Song Meaning
The lyrics of "Willow's Song" open with an insistent, almost sing-song invitation, a voice calling out into an empty space: "Heigh ho! Who is there? No one but me, my dear." It's a beckoning, promising wonders with a disarming, childlike charm. The speaker offers to perform impossible feats, like catching a rainbow and tying its ends together, all delivered "By stroke as gentle as a feather."
This initial whimsy, however, quickly develops a disquieting edge. The speaker's repeated question, "Am I not young and fair?" feels less like a genuine query and more like a rhetorical flourish, a subtle pressure point in their persuasive appeal.
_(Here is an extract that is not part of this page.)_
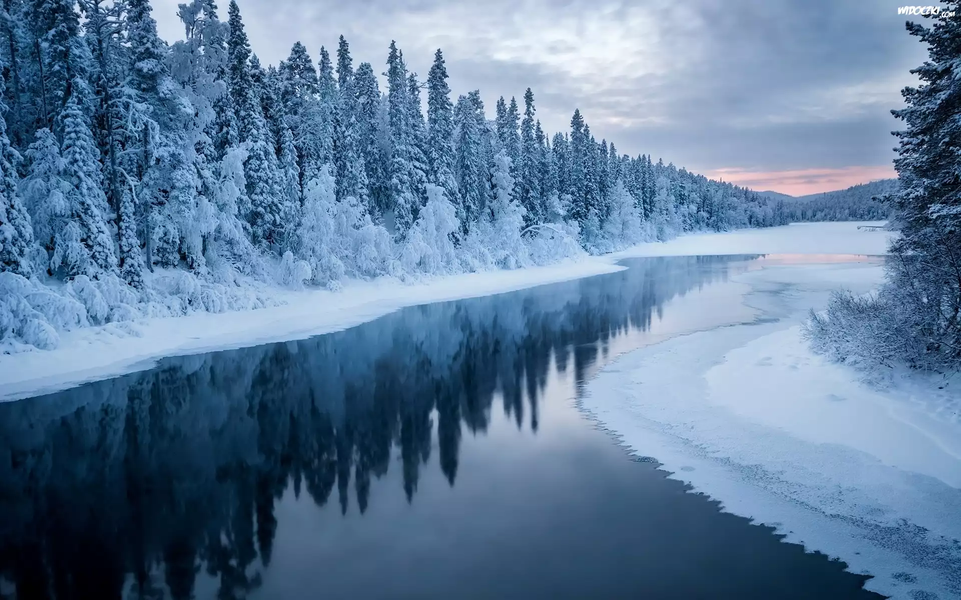 Zdjęcia, Zima, Rzeka, Śnieg, Ośnieżone, Drzewa

The promised wonders escalate from gentle magic to defying the very laws of nature, offering "The midday sun at midnight?" This shift from charming impossibility to a more profound disruption hints at a world where boundaries are blurred and natural order is malleable.
The true unsettling power of these lyrics emerges in the final lines. After a sudden, intimate address to a "Fair maid, white and red," promising to "Comb you smooth and stroke your head," the imagery takes a jarring turn. The vision of "How a maid can milk a bull! / And every stroke a bucketful" is a visceral, biologically impossible absurdity. The word "stroke," initially associated with gentleness, now becomes part of this grotesque, almost perverse image.
Ultimately, the effectiveness of these lyrics lies in their masterful progression from alluring fantasy to profound unease. They lure the listener into a world of enchanting impossibility, only to reveal a deeper, more disturbing reality where the beautiful and the grotesque intertwine. This creates a captivating dread, suggesting an invitation that is far more complex and potentially sinister than its initial charm implies.